*** Opening of GIVEN DATA ***

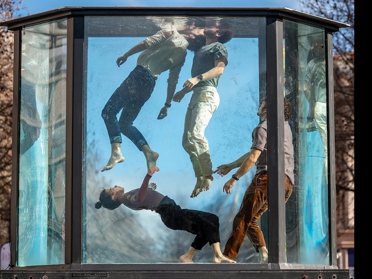 Dans un aquarium géant, quatre artistes interprètent une chorégraphie à la fois pure et fulgurante, inspirée du cycle de l’eau. Un mélange de cirque et de danse d’un genre nouveau où les corps, en apesanteur, se croisent au ralenti, forment une ronde tout en synchronisant leur respiration.
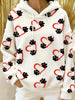 Women's Cute Cat Heart And Paws Flannel Hoodie
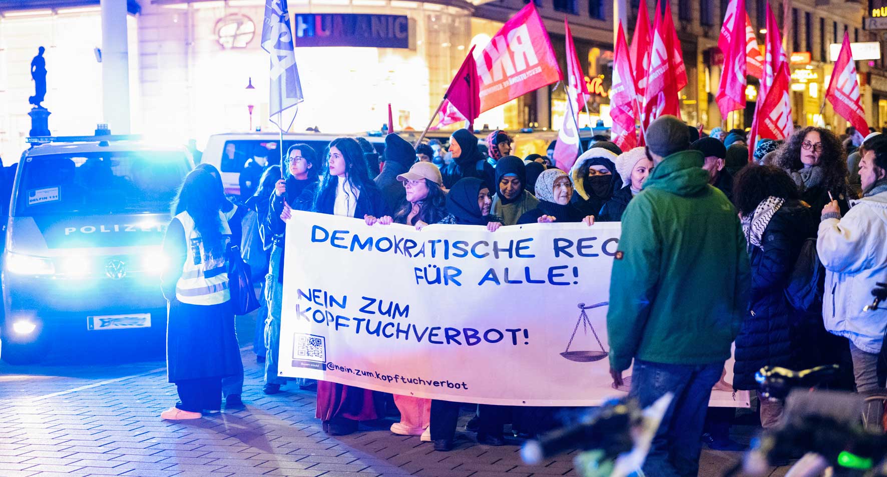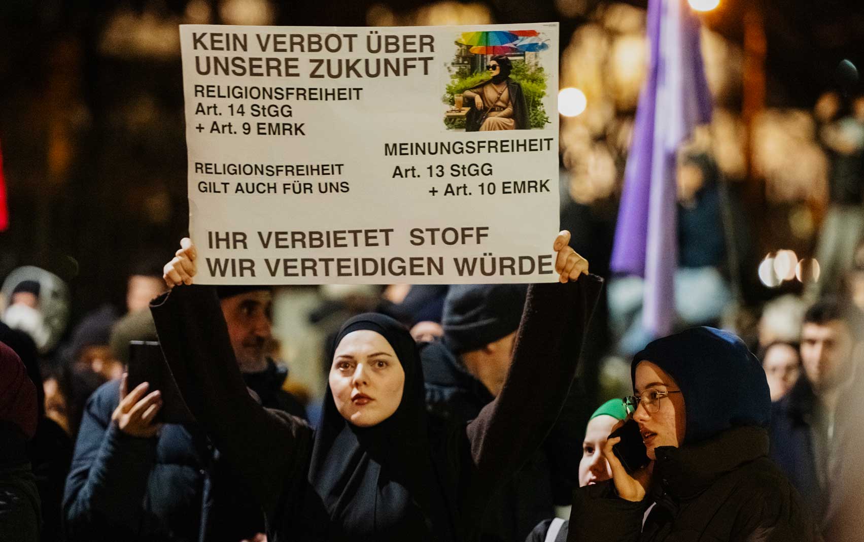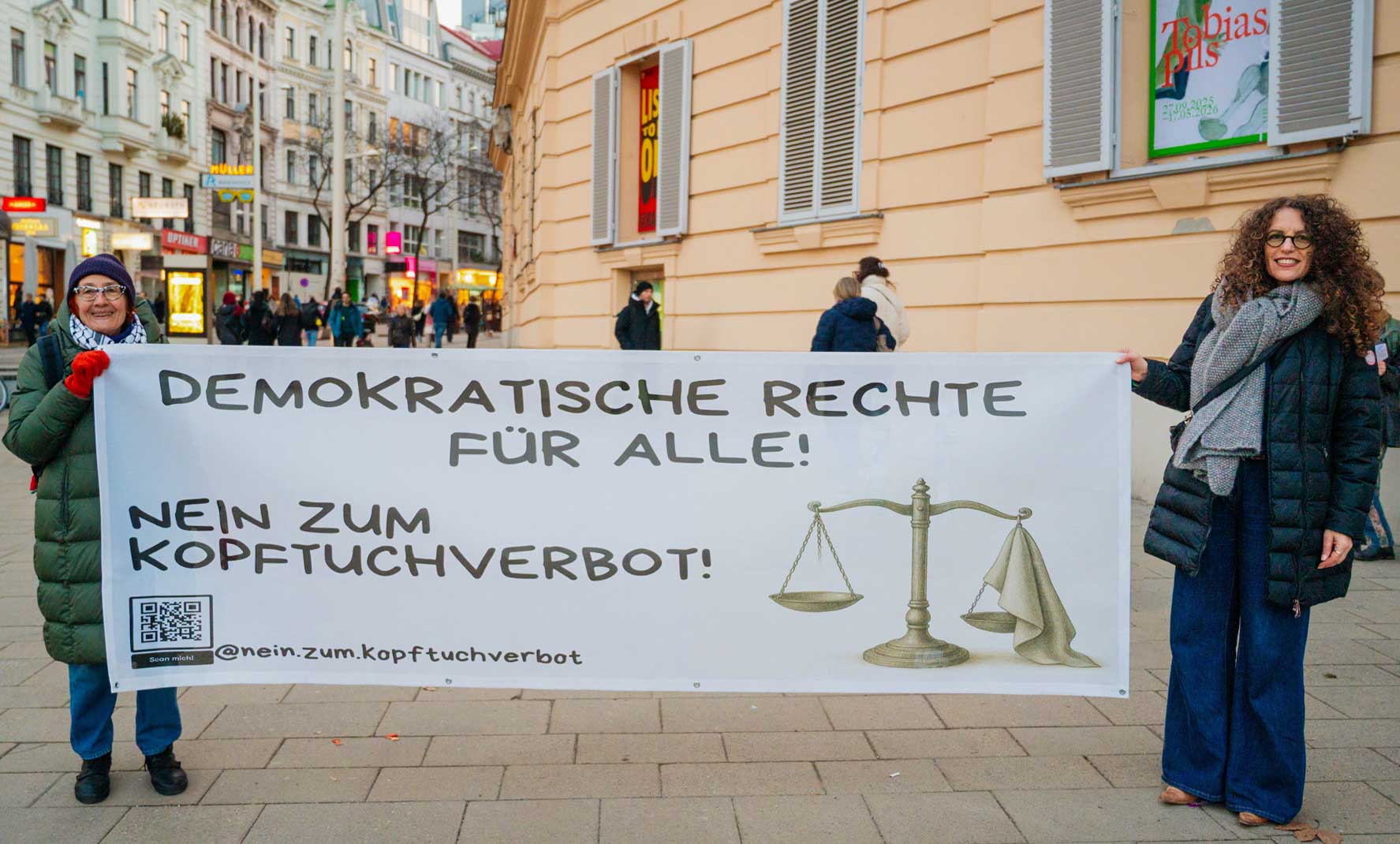 Unter dem gemeinsamen Motto „Demokratische Rechte für alle – Nein zum Kopftuchverbot“ demonstrierten vergangenen Freitag 13.2. rund 800 Menschen gegen das im Parlament beschlossene Kopftuchverbot. Dieses soll schrittweise mit dem laufenden Schulsemester in Kraft treten.

*** Close of GIVEN DATA ***

▶ **TASK STATEMENT**
Word for word, print all of the data; skip the pictures.

▶ **ANSWER TO THIS PROBLEM**
 Dans un aquarium géant, quatre artistes interprètent une chorégraphie à la fois pure et fulgurante, inspirée du cycle de l’eau. Un mélange de cirque et de danse d’un genre nouveau où les corps, en apesanteur, se croisent au ralenti, forment une ronde tout en synchronisant leur respiration.
 Women's Cute Cat Heart And Paws Flannel Hoodie
 Unter dem gemeinsamen Motto „Demokratische Rechte für alle – Nein zum Kopftuchverbot“ demonstrierten vergangenen Freitag 13.2. rund 800 Menschen gegen das im Parlament beschlossene Kopftuchverbot. Dieses soll schrittweise mit dem laufenden Schulsemester in Kraft treten.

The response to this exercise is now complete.